Please write out exactly the lines from the one with "Blusa Estampada con" through the end of the data below, both ends included, and omit any pictures.
**** Information provided ****
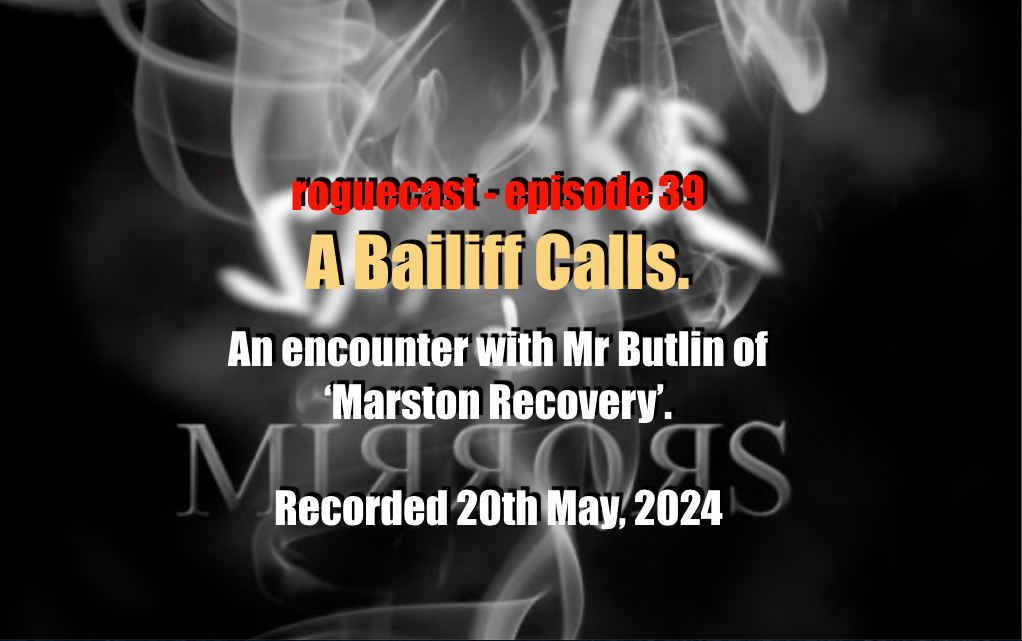 An Encounter with Mr Butlin, an agent of ‘Marston Recovery’. Fraud Alert: this Rogue Cast features an attempt by a Marston Group Bailiff (debt collector) to levy a false fine using a fake Warrant of Control. Before I go any further, let’s remind ourselves of what the constitutional law of these lands says about the subject of today’s RogueCast: Bill of Rights 1689: Grants of Forfeitures. “That all Grants and Promises of Fines and Forfeitures of particular persons before Conviction are illegal and void” Could it be plainer? “Before conviction” means that no fine or forfeit can be imposed […]
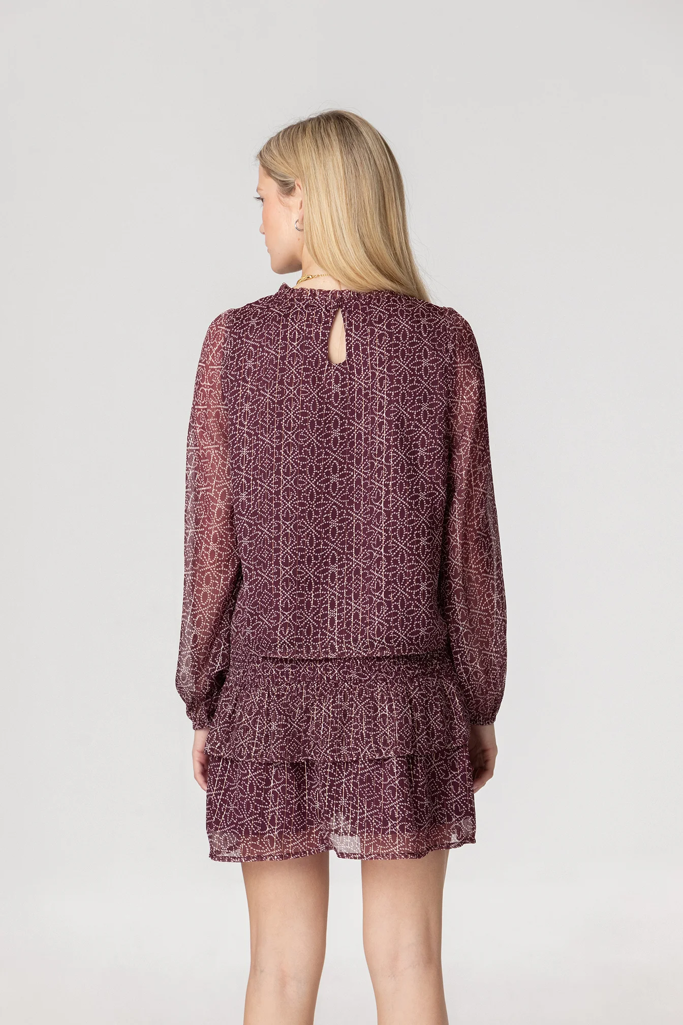 Blusa Estampada con Detalles de Fruncidos Color Burdeos. Tejido suelto que aporta movimiento a la prenda. Puños elástico y detalle de lurex. Combínala con la falda a juego y consigue un total look ideal para cualquier ocasión.
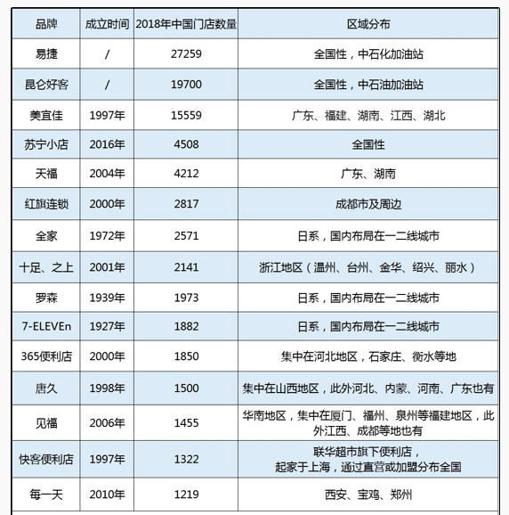 各品牌便利店数量(数据来源:CCFA)
****
Response for this exercise:
 Blusa Estampada con Detalles de Fruncidos Color Burdeos. Tejido suelto que aporta movimiento a la prenda. Puños elástico y detalle de lurex. Combínala con la falda a juego y consigue un total look ideal para cualquier ocasión.
 各品牌便利店数量(数据来源:CCFA)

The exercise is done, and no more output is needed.